Необходимости притворяться, громко стонать, натужно заигрывать решительно не было, она поняла это с первого взгляда его на нее, взгляда, который единственно и означал: «ну вот, вся эта унизительная процедура закончилась, и теперь мы одни, и в одной комнате, и ты принадлежишь мне на час, и все твои подруги, и этот разодранный стул, и грязный пол — все осталось там, здесь я хозяин, и никто-то нас не увидит, и никто-то меня ни в чем не упрекнет, и я, наконец, смогу быть собой»; тем не менее, повинуясь неожиданному порыву, все же улыбнулась натянуто, и особенно хотела подчеркнуть эту свою натянутость, как бы оставляя свое право на маску, как бы не желая мириться с тем, что вот это и есть конечная точка, действительное. Такое положение ему решительно понравилась (о, он был тонкий психолог, уж можете мне поверить). Он искренне широко и зло улыбнулся, не имея сейчас необходимости от кого-либо свою злобу скрывать, грубо, но не слишком, посадил на кровать, подал ей презерватив и сделал сладострастный вид, будто человека, ждущего манны небесной (но которая особенно должна располагаться на земле) или чего-то, по крайней мере, слишком значительного в своей жизни.
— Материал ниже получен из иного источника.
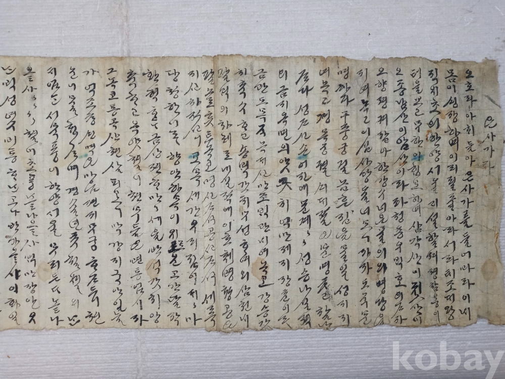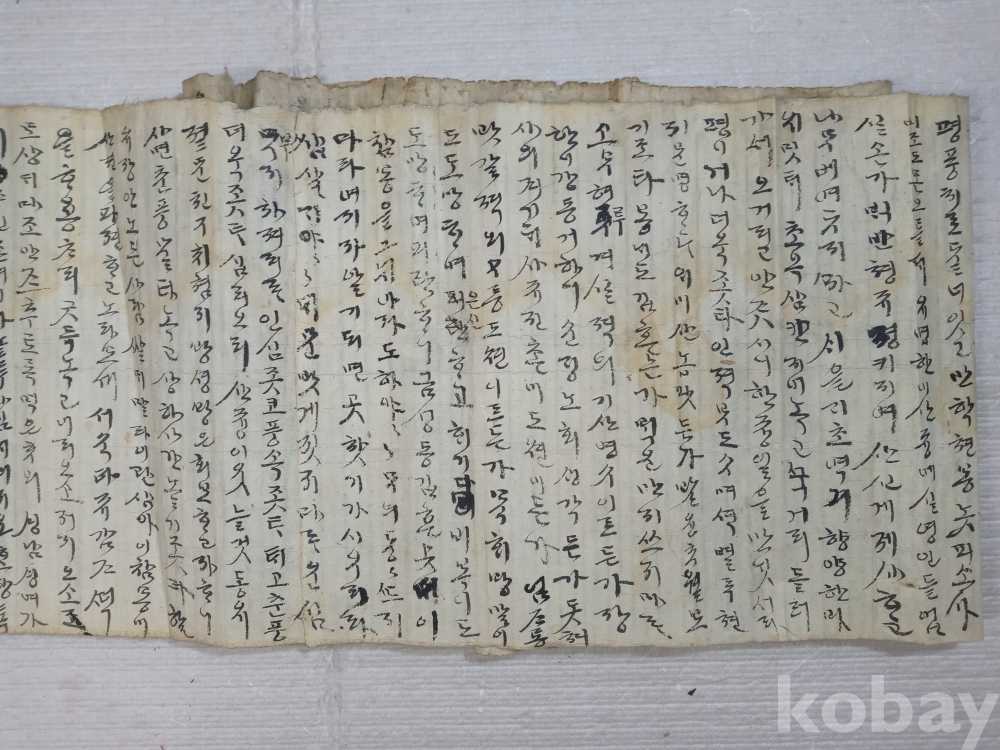 한쪽면에 끝까지 필사되고 뒷면에 1/4정도 더 써졌으며 모서리에 약간의 훼손이 있습니다.

Настя надела презерватив ртом, она все не могла согнать с лица глупую улыбку, которая (как я мог это место пропустить в рассказе?) появилась на ее лице из натужно-слащавого выражения; превращение это произошло ровным счетом в тот момент, когда она поняла, что он не только знает об том, что она притворяется, но ему это еще и удовольствие доставляет особенное, что именно в том-то, что она притворяется и этого стыдится, и маску за собой оставляет, а он-то и знает, что никакой маски и нет, и скрывается настоящее его удовольствие, о, когда она только это поняла, то притворяться более не хотела, но рассудила, что тотчас же принять нормальное выражение лица выглядело бы глупо, и в итоге оказалась в еще более глупом выражении, и эта глупость как бы нарастала, образуя странное извилистое чувство, которое так никуда и не хотело уходить.
Она начала сосать, медленно, еще более смакуя свое унижение, которое, впрочем, и без того весьма смаковала. Небольшой вялый член набухал. Мужчина не чувствовал ничего, кроме странного ласкающего чувства, будто подставил член под воду, но она все продолжала сохранять свое глупое выражение (хотя это и было проблематично, с членом во рту), и он снова широко и зло улыбнулся, будто показывая, что единственное, что его здесь держит — это наслаждение чужим униженьем, в котором он готов купаться неимоверно, и которое единственно, может быть, и оправдывает его жизнь.
На улице было солнечно; бабушки сидели на скамейках, лузгая семечки и обсуждая политику. В песочнице, сопровождаемая радостным смехом двух детей, разворачивалась война между двумя великими царствами. Настя, девочк
а четырех лет, одетая родителями в сарафан с накрученной на голове модной прической (которую они, несмотря на ее долгий плач, настрого запретили портить), подошла к мальчикам. Деревянные стены песочницы были нагреты солнцем. Лучи особенно сильно отражались от машин, красивых и не очень, от которых пахло поездками в деревню, бензином и чем-то родным. Скоро будет обед, который разогреет мама. Настя улыбается: ее не покидает мысль, что этот день никогда не прекратится.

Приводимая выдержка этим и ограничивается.